■ What the exercise asks ■
Provide again, from the entries below, every line from the one containing "There is a mother" through the one containing "Cada pincelada contiene", exactly as written, and no other line.

START Records to use

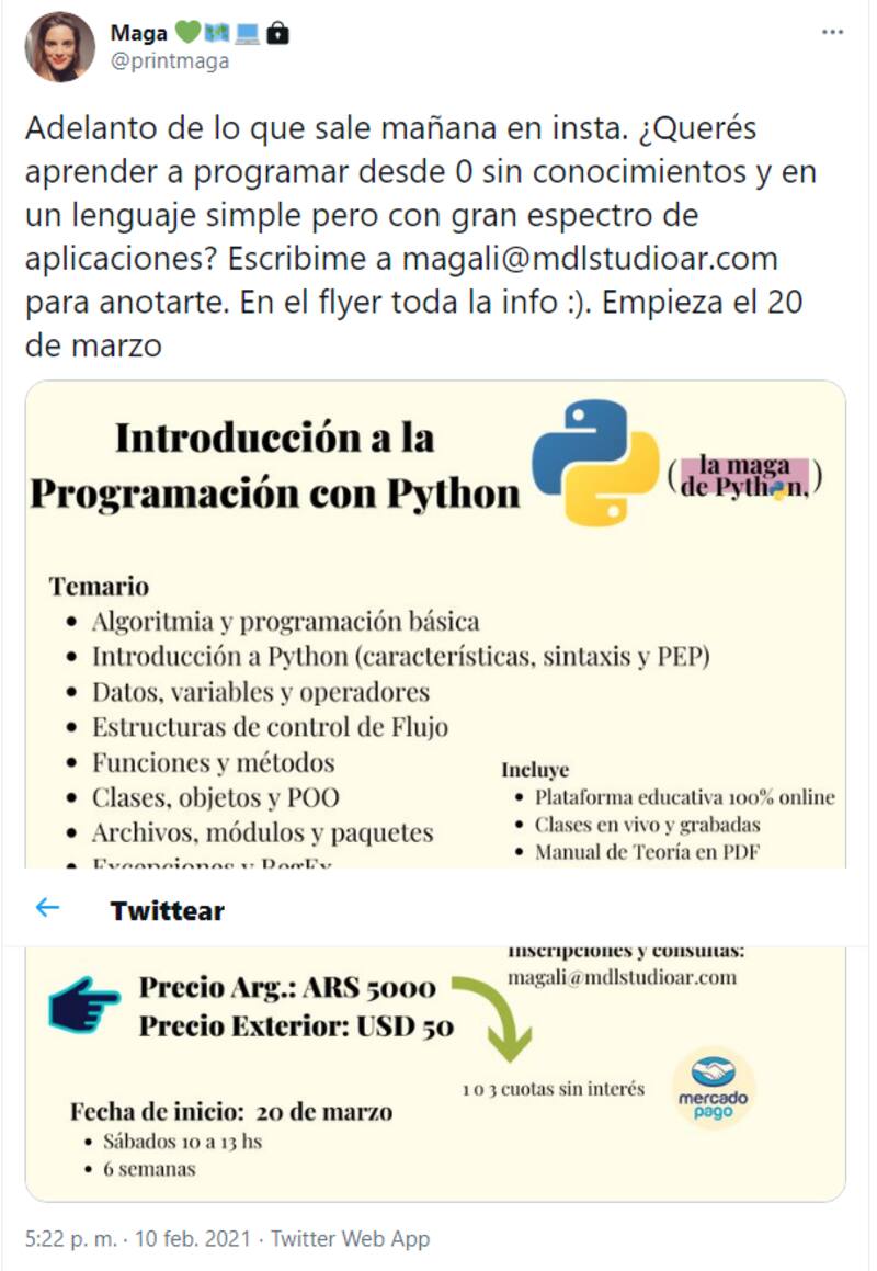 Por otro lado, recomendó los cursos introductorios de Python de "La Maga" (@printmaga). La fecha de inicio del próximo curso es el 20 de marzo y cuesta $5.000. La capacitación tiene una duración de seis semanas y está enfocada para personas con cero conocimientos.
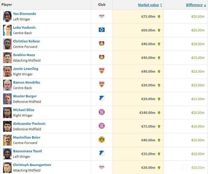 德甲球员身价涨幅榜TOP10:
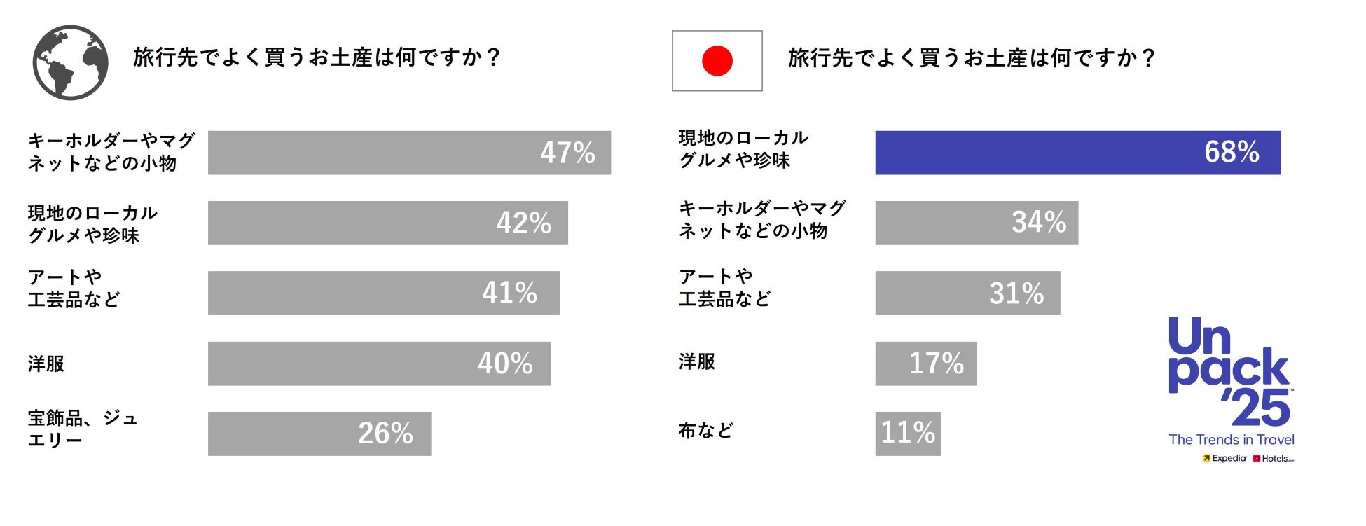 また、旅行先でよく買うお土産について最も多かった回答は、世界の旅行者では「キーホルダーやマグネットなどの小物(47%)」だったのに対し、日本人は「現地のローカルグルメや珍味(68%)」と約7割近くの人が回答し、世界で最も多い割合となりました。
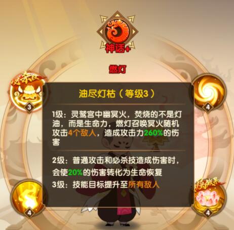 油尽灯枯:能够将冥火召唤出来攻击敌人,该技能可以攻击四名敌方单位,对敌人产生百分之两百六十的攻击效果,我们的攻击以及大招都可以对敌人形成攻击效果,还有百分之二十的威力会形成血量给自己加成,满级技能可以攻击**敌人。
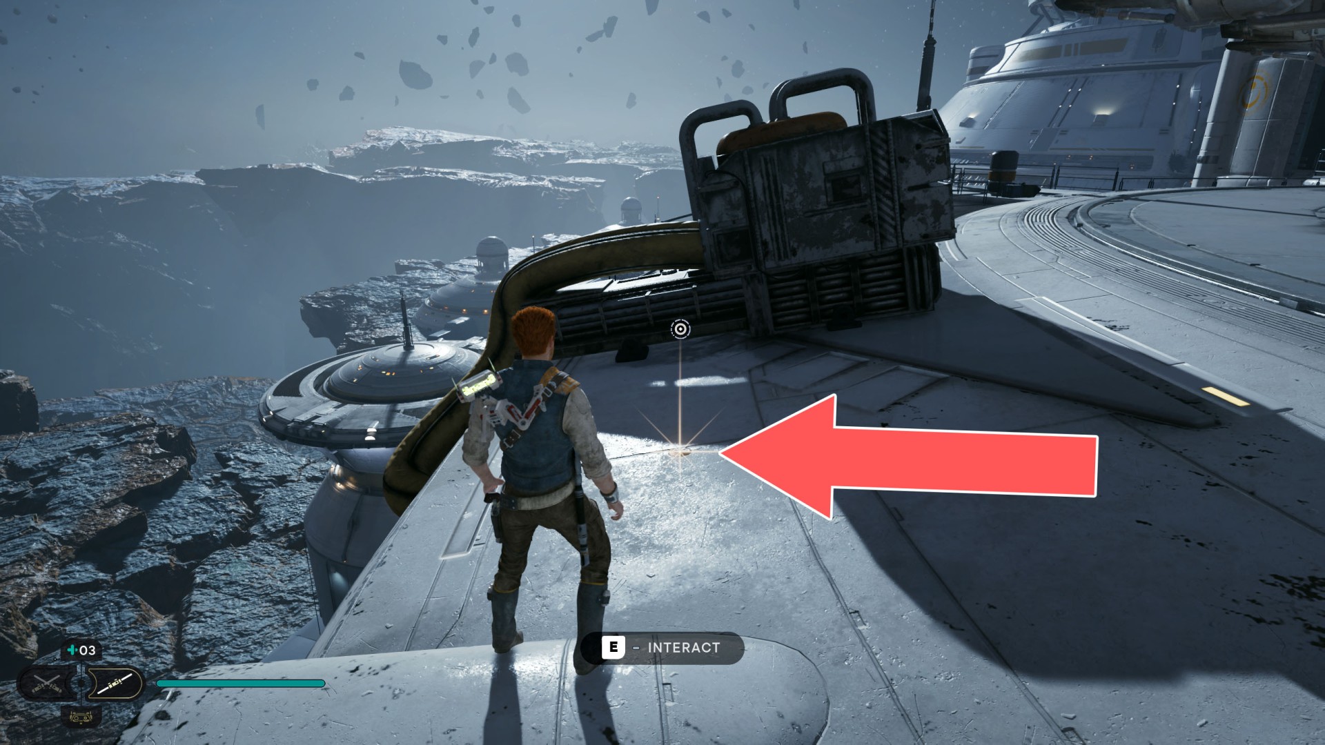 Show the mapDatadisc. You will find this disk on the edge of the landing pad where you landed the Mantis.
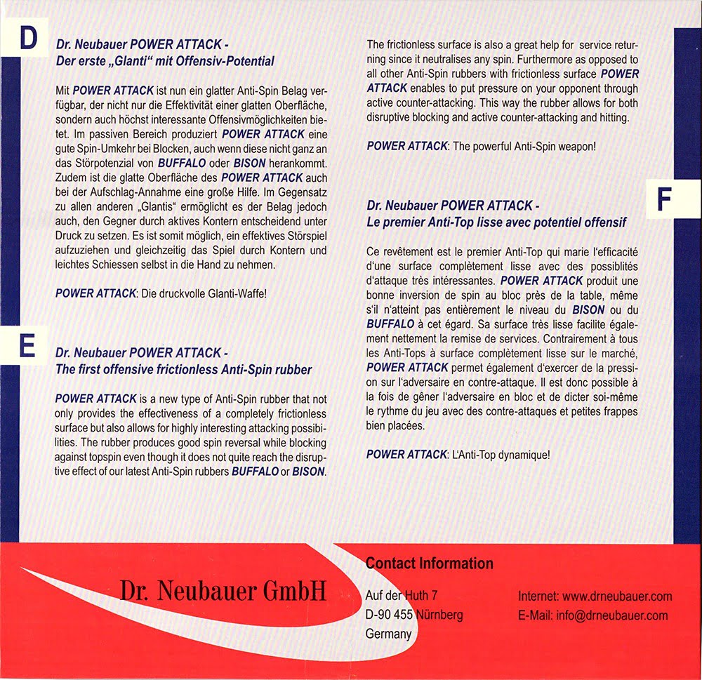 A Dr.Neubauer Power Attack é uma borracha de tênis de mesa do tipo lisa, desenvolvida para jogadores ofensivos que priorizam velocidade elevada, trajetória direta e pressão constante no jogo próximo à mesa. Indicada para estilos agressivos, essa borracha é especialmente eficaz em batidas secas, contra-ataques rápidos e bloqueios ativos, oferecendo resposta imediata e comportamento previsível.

END Records to use
START Records to use

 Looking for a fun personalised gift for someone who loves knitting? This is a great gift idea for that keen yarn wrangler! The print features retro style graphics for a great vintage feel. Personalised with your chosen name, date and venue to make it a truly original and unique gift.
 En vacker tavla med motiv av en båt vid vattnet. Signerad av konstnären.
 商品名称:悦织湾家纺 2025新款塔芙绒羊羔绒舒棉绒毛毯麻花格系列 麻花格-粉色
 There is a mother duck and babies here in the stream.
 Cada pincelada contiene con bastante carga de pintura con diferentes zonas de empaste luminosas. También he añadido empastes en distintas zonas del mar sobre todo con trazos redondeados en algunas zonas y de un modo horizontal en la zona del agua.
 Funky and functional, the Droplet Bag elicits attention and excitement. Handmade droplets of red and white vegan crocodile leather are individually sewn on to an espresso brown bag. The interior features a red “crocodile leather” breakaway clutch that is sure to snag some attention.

END Records to use

■ Output ■
 There is a mother duck and babies here in the stream.
 Cada pincelada contiene con bastante carga de pintura con diferentes zonas de empaste luminosas. También he añadido empastes en distintas zonas del mar sobre todo con trazos redondeados en algunas zonas y de un modo horizontal en la zona del agua.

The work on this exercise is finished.